鐘楼の歯車は動き、綱も切れておらず、青銅の鐘そのものにも亀裂はない。けれど神官長マリウスが祝詞を唱え、クラウディオ殿下が王家の紋章に手を置いても、塔の上は黙っていた。
「殿下、祝福が応じておりません」
「鐘が古いのだ。修理させろ」
「機構ではありません」
「では、神官たちの祈りが弱いのだろう」
その場にいた者たちは、息をひそめた。
祈りが弱い。それは神殿への侮辱だった。けれど殿下は、自分がどれほど危うい言葉を口にしたのか気づいていないようだった。
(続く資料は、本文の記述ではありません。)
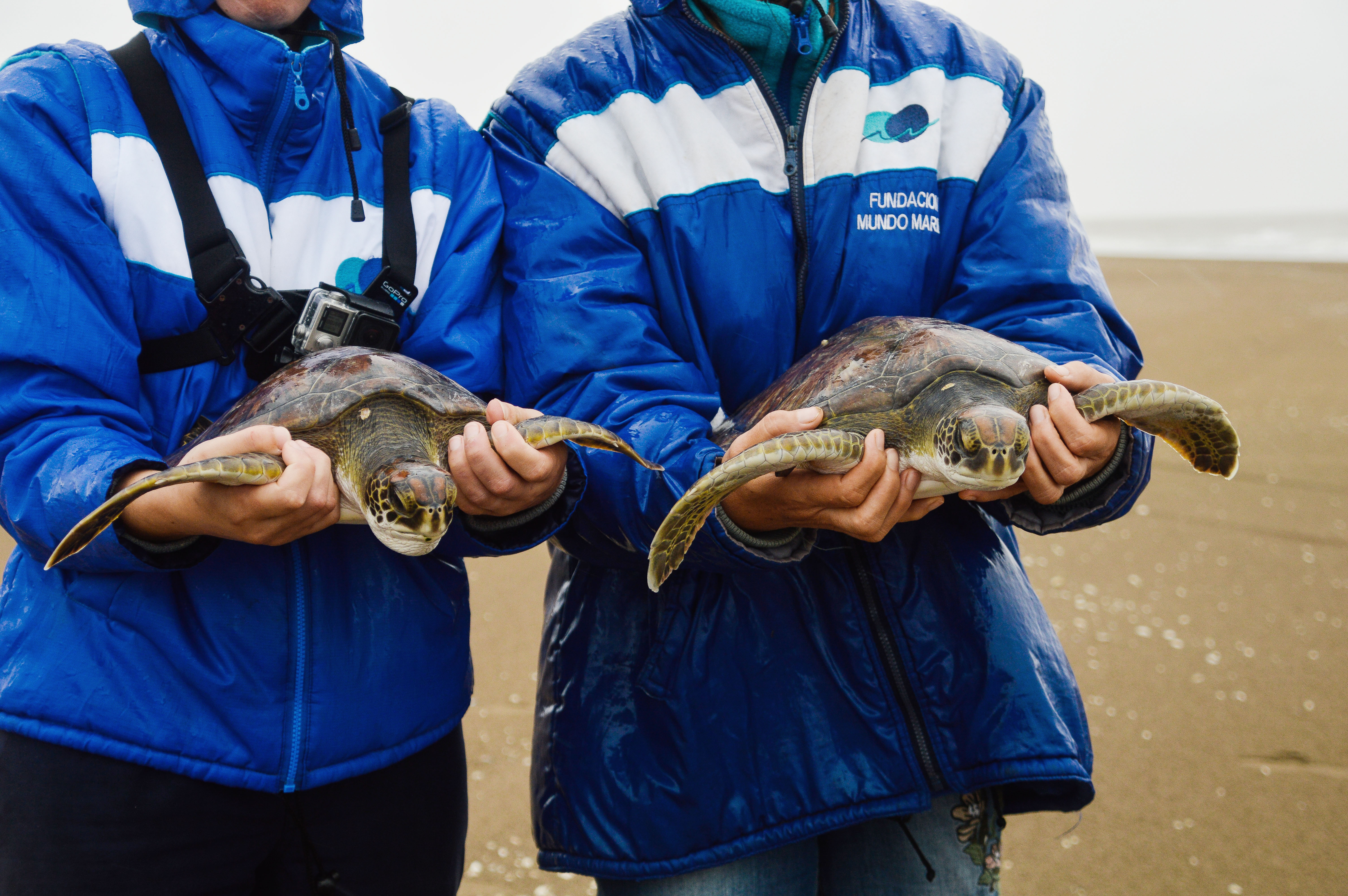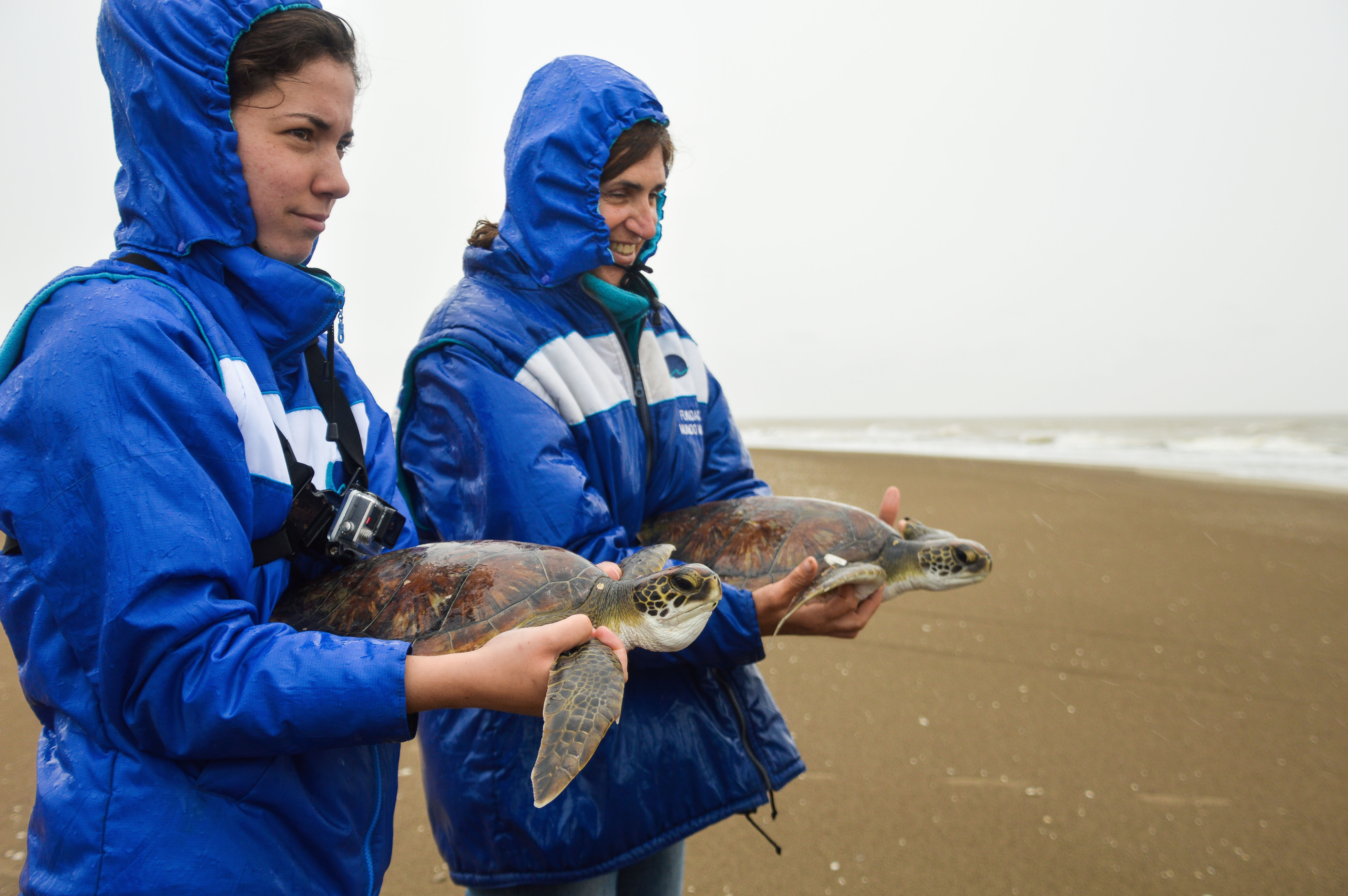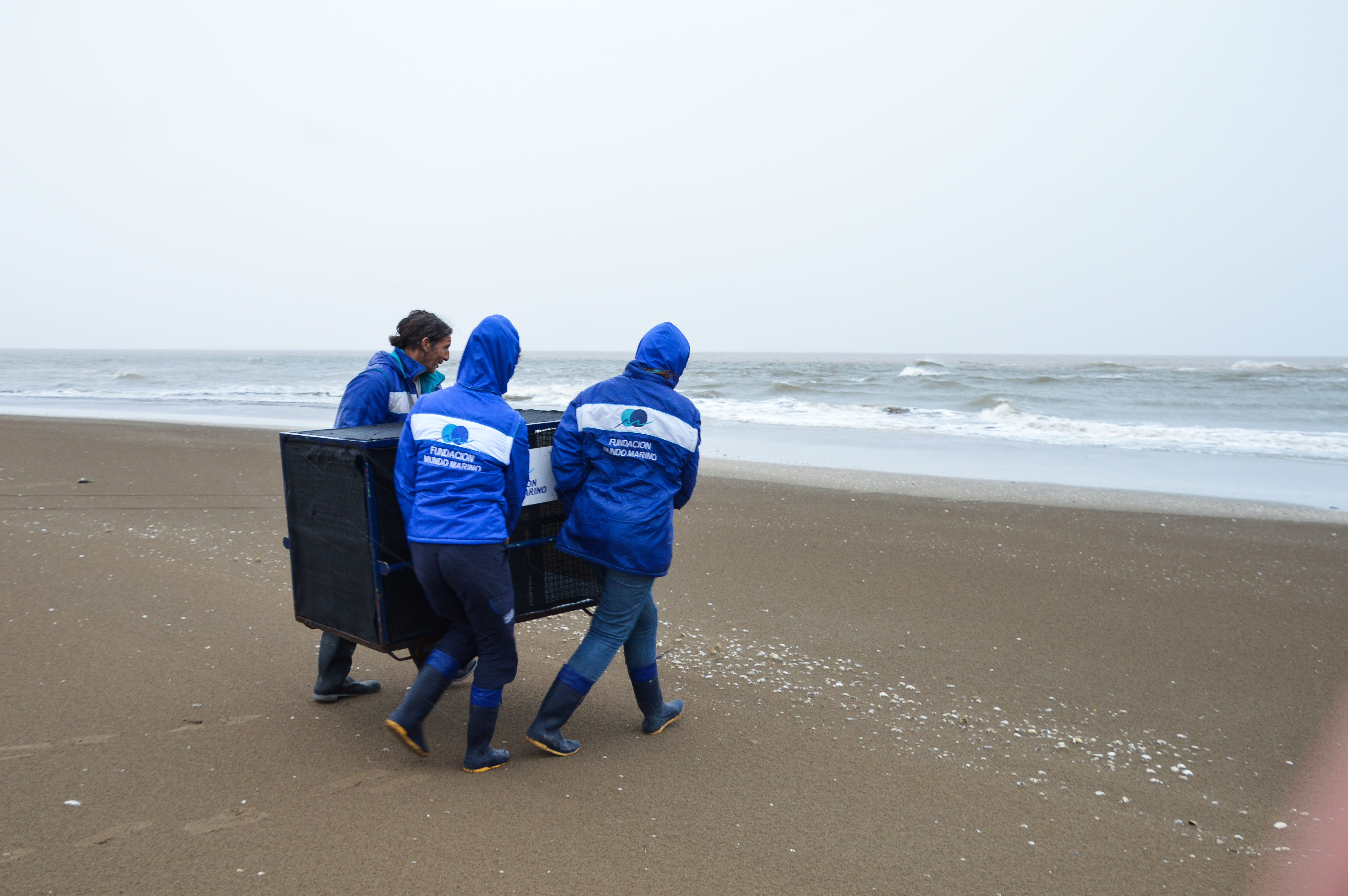A pesar de las inclemencias de una mañana lluviosa, dos tortugas verdes y un lobo marino de Un Pelo Sudamericano (comúnmente conocido como “león marino”) fueron reintroducidos al mar en las costas de San Clemente del Tuyú. Todos los ejemplares habían sido asistidos por profesionales y técnicos de la Fundación Mundo Marino.

その知らせを聞いた時、私は冷めかけた薬草茶を見つめていた。
「あなたが王宮を去ったことと、王冠が腐ったことは、同じ出来事ではありません」
オルフェウスは静かに言った。
「けれど、つながっています」
「つながっていることと、あなたが責任を負うことは違います」
言葉は硬かった。けれど、その硬さは壁ではなく、橋の足場のようだった。急にこちらへ踏み込んでこない。私が渡るかどうかを待っている。
「もう少し、おいしくする方法はありますか」
自分でも、なぜそんなことを聞いたのか分からない。
オルフェウスは、たいへん真剣に考え込んだ。
「蜂蜜を入れると、多少ましになります」
「多少」
「根本的な解決にはなりません」
「薬草茶の話ですよね」
「はい」
その返事があまりにも重々しくて、私は杯を持ったまま、とうとう小さく笑った。
王宮の鐘は鳴っていない。王冠は腐り始めている。私は婚約を破棄され、安宿の狭い部屋で、隣国の外交官が作ったまずい薬草茶を飲んでいる。
状況だけ並べれば、ひどいものだ。
それでも、私の足元の影は、久しぶりに私のそばで眠るように静かだった。
王宮の鐘は鳴らなかった。
けれど私の影は、久しぶりに私の足元で眠っていた。